(Material supplied)
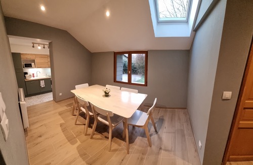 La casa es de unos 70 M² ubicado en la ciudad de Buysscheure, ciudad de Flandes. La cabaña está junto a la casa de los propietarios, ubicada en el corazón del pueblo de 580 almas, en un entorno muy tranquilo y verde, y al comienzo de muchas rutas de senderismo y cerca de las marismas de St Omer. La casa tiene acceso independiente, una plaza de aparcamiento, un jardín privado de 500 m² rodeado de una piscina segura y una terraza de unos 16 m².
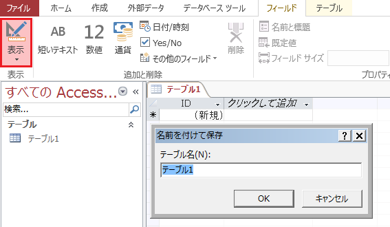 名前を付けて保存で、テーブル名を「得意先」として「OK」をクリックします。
* * *
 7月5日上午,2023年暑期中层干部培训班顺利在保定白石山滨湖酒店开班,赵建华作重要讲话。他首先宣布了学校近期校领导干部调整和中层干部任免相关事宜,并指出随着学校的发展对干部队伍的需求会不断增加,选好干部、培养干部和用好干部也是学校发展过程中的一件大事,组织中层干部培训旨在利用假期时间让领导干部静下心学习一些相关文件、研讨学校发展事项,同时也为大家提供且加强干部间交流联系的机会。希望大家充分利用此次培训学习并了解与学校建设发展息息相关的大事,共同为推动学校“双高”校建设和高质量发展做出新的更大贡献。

(Activity) For the data above, set down exactly the lines from the line with "La casa es de" to the line with "名前を付けて保存で、テーブル名を「得意先」として「OK」をクリックします。", both included, leaving pictures out.

(Output of the exercise)
 La casa es de unos 70 M² ubicado en la ciudad de Buysscheure, ciudad de Flandes. La cabaña está junto a la casa de los propietarios, ubicada en el corazón del pueblo de 580 almas, en un entorno muy tranquilo y verde, y al comienzo de muchas rutas de senderismo y cerca de las marismas de St Omer. La casa tiene acceso independiente, una plaza de aparcamiento, un jardín privado de 500 m² rodeado de una piscina segura y una terraza de unos 16 m².
 名前を付けて保存で、テーブル名を「得意先」として「OK」をクリックします。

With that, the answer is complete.